The MLAT roadmap - visualizing how the process actually works

When I first started working on mutual legal assistance treaties (MLATs), they were seen as the less glamorous, hard-working cousin of extradition treaties.  An international fugitive being flown back under armed guard to face justice is a satisfying conclusion to a long-running extradition case.  By contrast, when the mail room delivers a series of boxes stuffed with bank records or electronic files in response to an MLAT request, it’s hardly a Law and Order scene in the making.  With the frenzy of interest in the Microsoft Ireland case, MLATs have suddenly been thrust into the spotlight.  While I can’t guarantee a blockbuster story, if we’re going to start talking more about using MLATs for online records, it’s good to start with an actual map of the process.

There has been much talk from the Microsoft side of the case about the way in which MLATs use international law to accommodate the domestic laws of two countries and give due respect to the principle of sovereignty.  Meanwhile, the U.S. Government has been throwing up its hands in disbelief at the apparently unrealistic notion of having to channel every request through the slow and arduous MLAT process.  Looking at a visual representation helps to explain how the process can elicit both of these reactions. 

The attached flowchart shows an MLAT request made by a foreign government seeking electronic records from a U.S.-based company that only accepts Californian jurisdiction (e.g.

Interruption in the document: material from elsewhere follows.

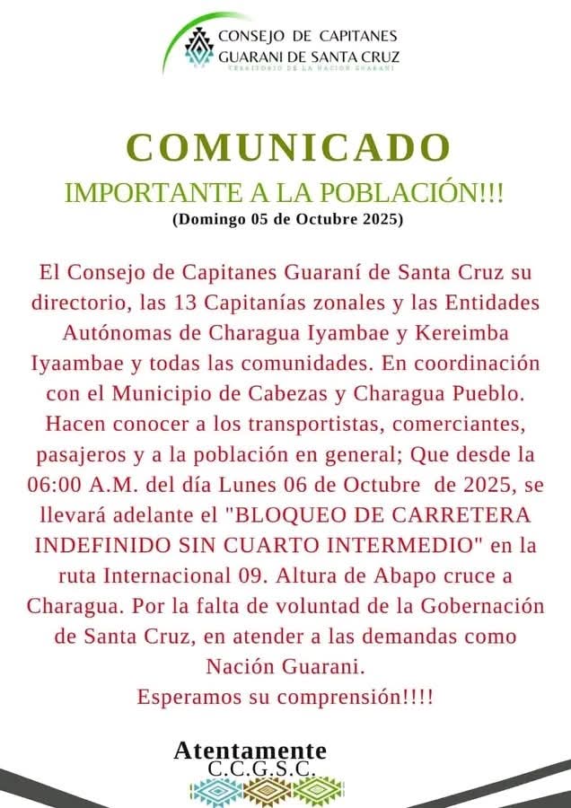El Consejo de Capitanes Guaraní de Santa Cruz inició este lunes un bloqueo indefinido en la carretera que conecta la capital cruceña con la ciudad de Camiri y la ruta internacional hacia Argentina. La medida, que comenzó a las 06:00 en el sector de Abapó, municipio de Cabezas, tiene como principal exigencia la presencia del gobernador Luis Fernando Camacho para instalar una mesa de diálogo.

Google, or Twitter).  In most cases, the request originates with a foreign prosecutor or investigator, who works with their government’s central authority (usually the ministry of justice or attorney general’s department) to draft a formal MLAT request.  The request is transmitted through the U.S. central authority (the Department of Justice) and works its way through the U.S. judicial and law enforcement system until a search warrant is served on the company.  The company responds to the search warrant, and the records begin their journey back through the FBI and the office of the U.S. Attorney for the Northern District of California.  The U.S. central authority then seals the records and formally transmits them to the foreign central authority.  This is the climactic point at which the mail room delivers the boxes of documents (or DVDs) to the foreign bureaucrats.  They can then sort the files and use them to identify or build a brief of evidence against the suspected criminal.

In most cases, this is an unremarkable, well-worn path, but there are many points along the way at which a request can become stalled.  With a map of the process, we can be clearer about which parts of the process are working, which are not, and whether there are any viable shortcuts to be taken.